Streaming Evaluation: Real-Time LLM Output Checking

Check LLM output token-by-token as it streams. Detect toxic content, PII, or quality drops mid-generation and stop early.

📝

TL;DR

Score LLM output as it’s being generated, word by word
Stop generation early if toxicity, PII, or quality drops are detected
Built-in safety and quality presets, or write your own scorer

Instead of waiting for the full response and scoring it afterwards, streaming checks run on each chunk as the LLM generates it. If something goes wrong mid-response, you can cut it off before the user sees it.

Note

Requires pip install ai-evaluation. The streaming module uses local scorer functions, not the cloud Turing engine.

Quick Example

from fi.evals.streaming import StreamingEvaluator, EarlyStopPolicy

# Create a safety-focused assessor
assessor = StreamingEvaluator.for_safety(toxicity_threshold=0.5)

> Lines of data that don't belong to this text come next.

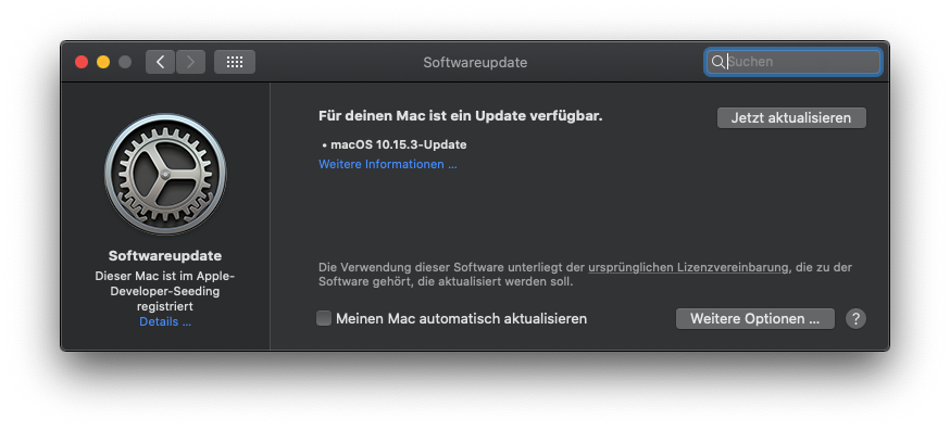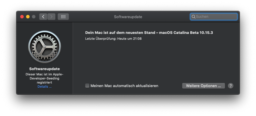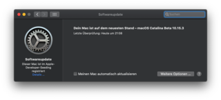 • Und schon wieder war mein Catalina im Beta-Seed gelandet und ich musste erneut (via TreeSwicher) auf Developer Seed umschalten. Nun läuft der DL,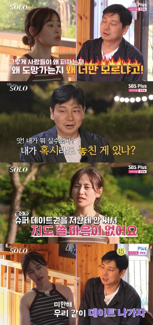 이후 영수는 다시 현숙에게 다가가 “미안하다. 우리 지금 같이 나가자”라며 말을 바꿔 슈퍼 데이트권을 현숙에게 사용했다. 이를 본 송해나는 “뭐래 진짜”라며 황당해했다. 그러나 현숙은 “눈물에 약하니까 선택한 거 아니냐”라며 “짜증나 농락당한 기분이다”라고 다시 박차고 나갔다.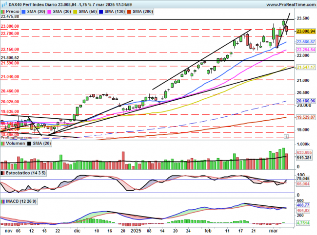 DAX: Cierra por debajo de 23080 tras el “golpe” de realidad.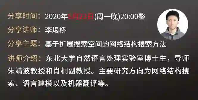 6月22日,东北大学自然语言处理实验室博士生李垠桥将带来主题为“基于扩展搜索空间的网络结构搜索方法”的分享,他在ACL、IJCAI等会议期刊发表论文若干,也曾多次参与 WMT、CWMT等机器翻译评测任务,主要研究方向为网络结构搜索、语言建模以及机器翻译等。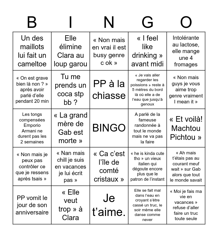 This bingo card has a free space and 24 words: « Nan mais chill je suis en vacances je lui écrit pas », « Elle veut trop » à Clara, PP à la chiasse, PP vomit le jour de son anniversaire, Intolérante au lactose, elle mange une 4 fromages, Un des maillots lui fait un cameltoe, « On est grave bien là non ? » après avoir parlé d’elle pendant 20 min, Elle élimine Clara au loup garou, A parlé de la fameuse randonnée à tout le monde mais ne va pas la faire, « Ca c’est l’île de comté cristaux », « Je vais aller regarder les poissions » reste à 5 mètres du bord là où elle a de l’eau que jusqu’à genoux, Les tongs compensées Emporio Armani ne durent pas les 2 semaines, « he is kinda cute tho » un vieux italien qui dégoute encore plus que le patron de l’instant, « Ah mais t’étais pas au courant meuf wait » sur Gab alors que tout le monde savait, Tu me prends un coca stp bb ?, Elle se fait mal dans l’eau en croyant s’être cassé un truc, le soir même elle danse comme never, « Et voilà! Machtou Pichtou », « Non mais en vrai il est busy genre c ok », « Non mais guys je vous aime trop genre vraiment I mean it », « La grand mère de Gab est morte », « Moi je fais ma vie en vacances » refuse d’aller faire un truc toute seule, « Non mais je peux pas contrôler ce que je ressens après tsais », « I feel like drinking » avant midi and Je t’aime..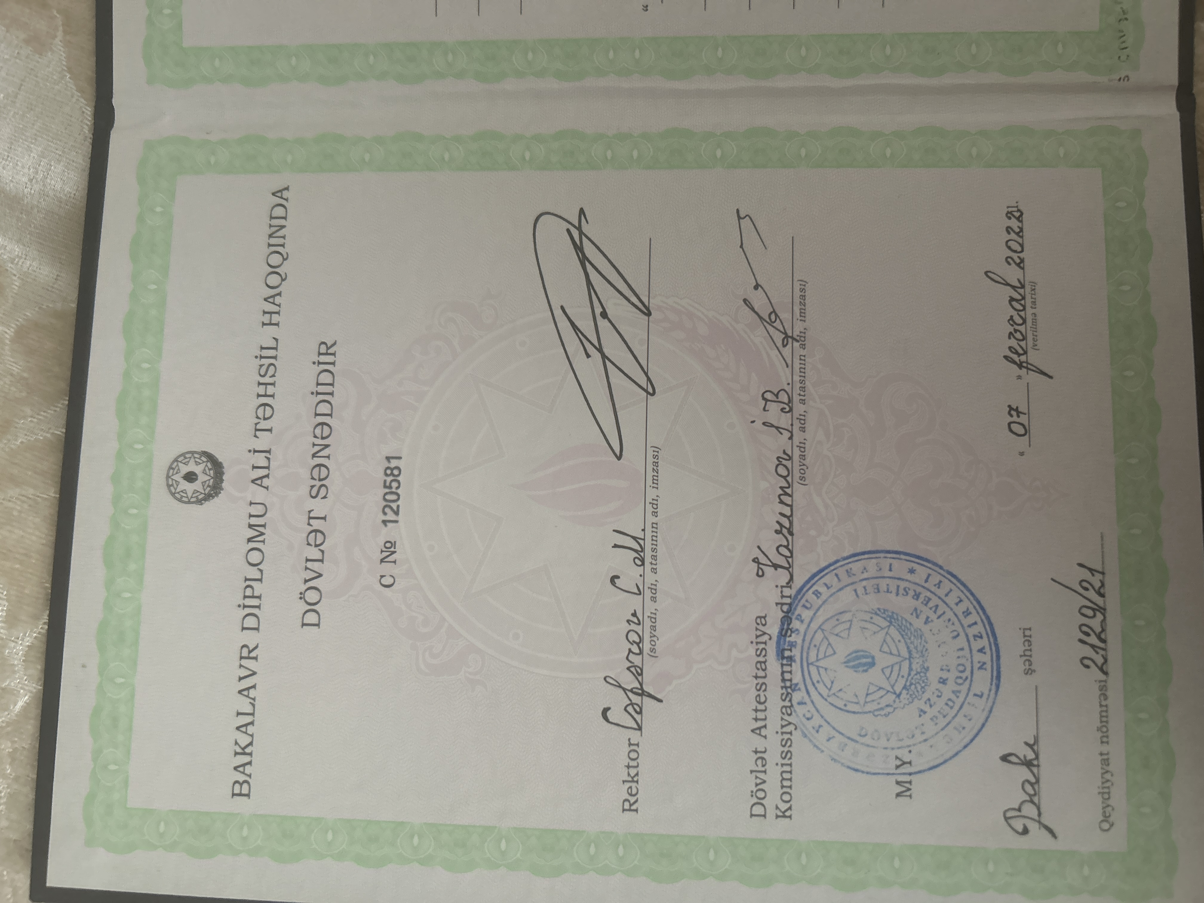 ADPU- da Azərbaycan dili və ədəbiyyat müəllimliyi ixtisasını bitirmişəm. 2022-ci ildə magistraturaya qəbul olaraq ADPU-un Təhsilin təşkili və idarə olunması ixtisaslaşması üzrə təhsilimi davam etdirirəm. 5 ildir repetitorluqla məşğulam. Özüməməxsus metodikam var. Tələbələrimin hər şeyi asan üsulla qavramalarına kömək edirəm. Özüməməxsus və yeni metodlara əsaslanaraq dərslər keçirilir, Müasir təlim texnologiyalarından istifadəyə üstünlük verilir. Bununla yanaşı Ofis proqramları, Komputer bilikləri üzrə sertifikatım var. Əlavə olaraq bu sahəylə də məşğul olub, tələbə hazırlayıram.

# Simulate a token stream (in practice, this comes from your LLM)
tokens = ["Hello", " there", "!", " How", " can", " I", " help", " you", "?"]

for token in tokens:
    result = assessor.process_token(token)
    if result and result.should_stop:
        print(f"Stopped at chunk {result.chunk_index}: {result.stop_reason}")
        break

final = assessor.finalize()
print(final.passed)        # True
print(final.final_text)    # "Hello there! How can I help you?"
print(final.total_chunks)  # number of chunks checked
print(final.summary())     # human-readable summary

StreamingEvaluator

Creating an assessor

from fi.evals.streaming import StreamingEvaluator, StreamingConfig, EarlyStopPolicy

# Default settings
assessor = StreamingEvaluator.with_defaults()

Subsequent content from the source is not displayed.